A Chinese tutorial website built with [mdbook](https://rust-lang.github.io/mdBook/) is in [`book/`](book/). Build it locally:
```sh
cargo install mdbook
mdbook serve book --open
```
API documentation: <https://docs.rs/halfedge>
## Known issues
- **`block v0.1.6` future-incompat warning**: When building with the `viewer`
feature (which pulls in `wgpu`/`engvis`), Cargo prints a future-incompatibility
warning for the transitive `block` crate. This originates in upstream
dependencies and **does not affect the default build** (no features). It will be
resolved when those dependencies publish a fix; no action is required here.
## Roadmap
halfedge is usable today, but some capabilities that distinguish it from
industrial-grade libraries (notably CGAL) are still planned. Items are grouped
by priority.
### P1 — correctness & API maturity (planned)
- **Exact arithmetic kernel**: replace plain `f64` with adaptive exact
predicates (à la CGAL `EPEC`) for construction operations, eliminating
numerical risk on near-degenerate geometry.
- **Non-manifold support**: the data structure currently enforces a 2-manifold.
Support non-manifold edges/vertices (T-junctions, self-intersections) behind
a feature flag.
- **API stability markers**: annotate public items with stability tiers
(`stable` / `unstable` / `experimental`) and publish a 1.0 compatibility plan.
### P2 — performance & platform reach (planned)
- **SOA storage**: separate position / connectivity arrays for better cache
locality on large meshes.
- **`wasm32-unknown-unknown` validation**: the library **builds** for
`wasm32-unknown-unknown` (verified; `rayon` falls back to serial). Browser
runtime integration is not yet exercised by CI.
- **Dependency stabilization**: track `sprs` toward a 1.0 release, or vendor a
minimal sparse solver to drop the dependency.

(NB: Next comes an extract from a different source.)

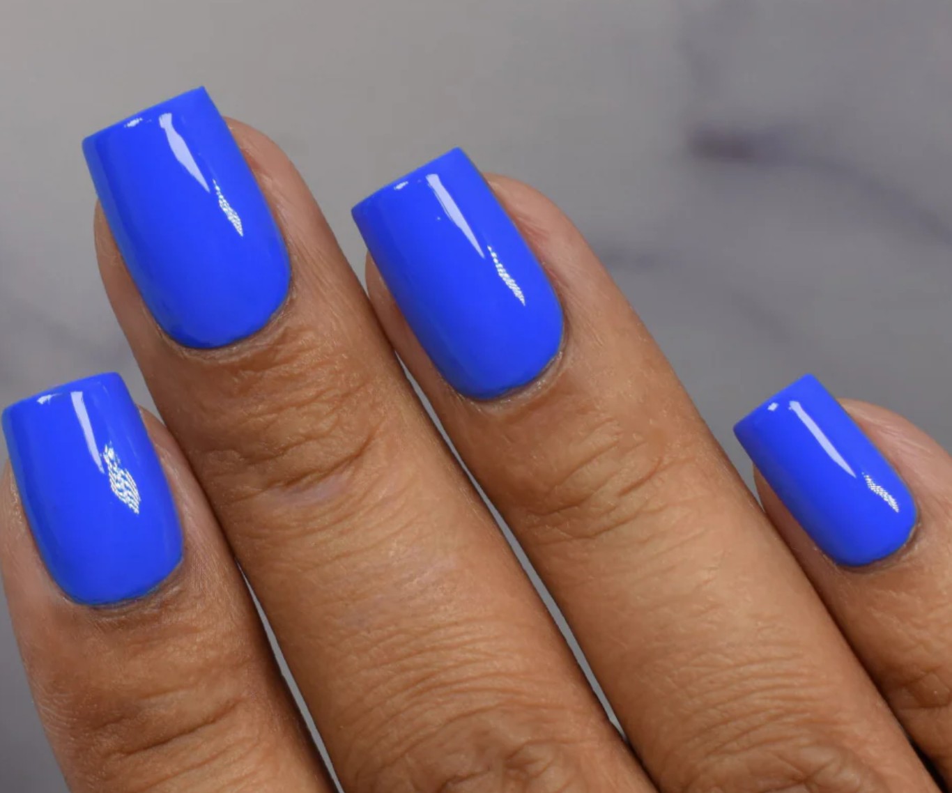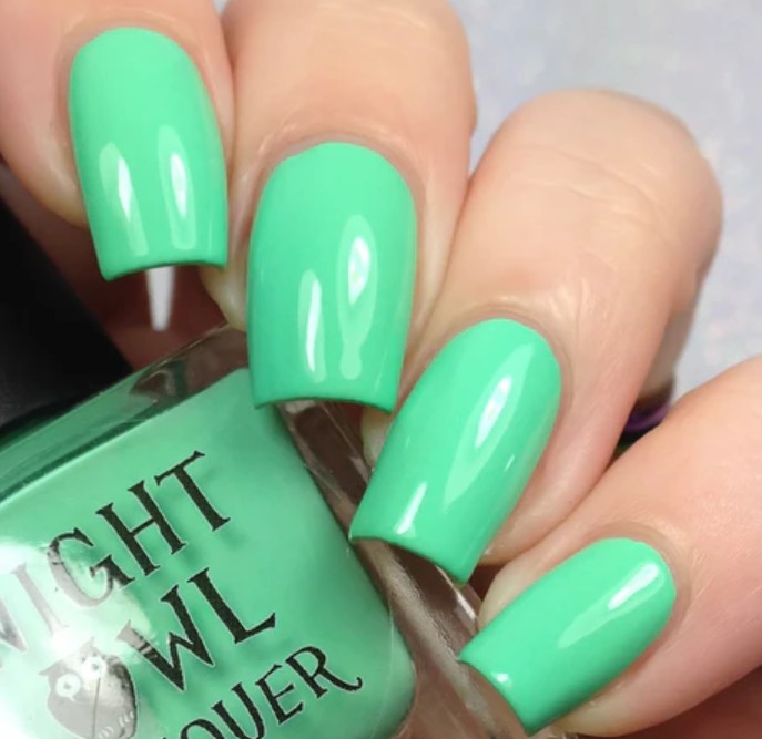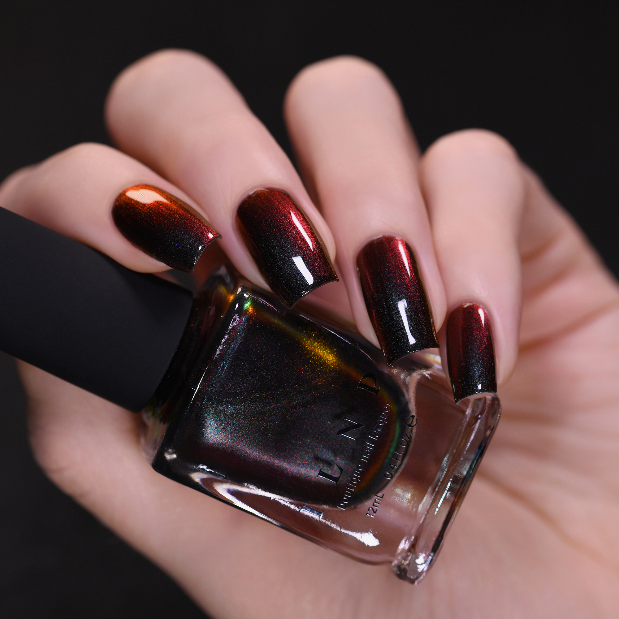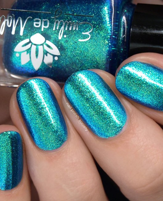 Multichrome lacquer that shifts between shades of green, teal, yellow, and blue

### P3 — ecosystem & reach (ongoing)
- Grow the maintainer base beyond a single author.
- Translate design docs and the mdbook tutorial to English.
- Publish benchmark comparisons against other mesh libraries.
Contributions to any of these are very welcome — see
[CONTRIBUTING.md](CONTRIBUTING.md).
## License
Dual-licensed under either of
- Apache License, Version 2.0 ([LICENSE-APACHE](LICENSE-APACHE))
- MIT License ([LICENSE-MIT](LICENSE-MIT))
at your option.
## Contributing
Contributions are welcome! Please read [CONTRIBUTING.md](CONTRIBUTING.md) for development setup, code conventions, and the pull request workflow.
This project follows the [Contributor Covenant Code of Conduct](CODE_OF_CONDUCT.md).
Unless you explicitly state otherwise, any contribution intentionally submitted for inclusion in the work by you, as defined in the Apache-2.0 license, shall be dual licensed as above, without any additional terms or conditions.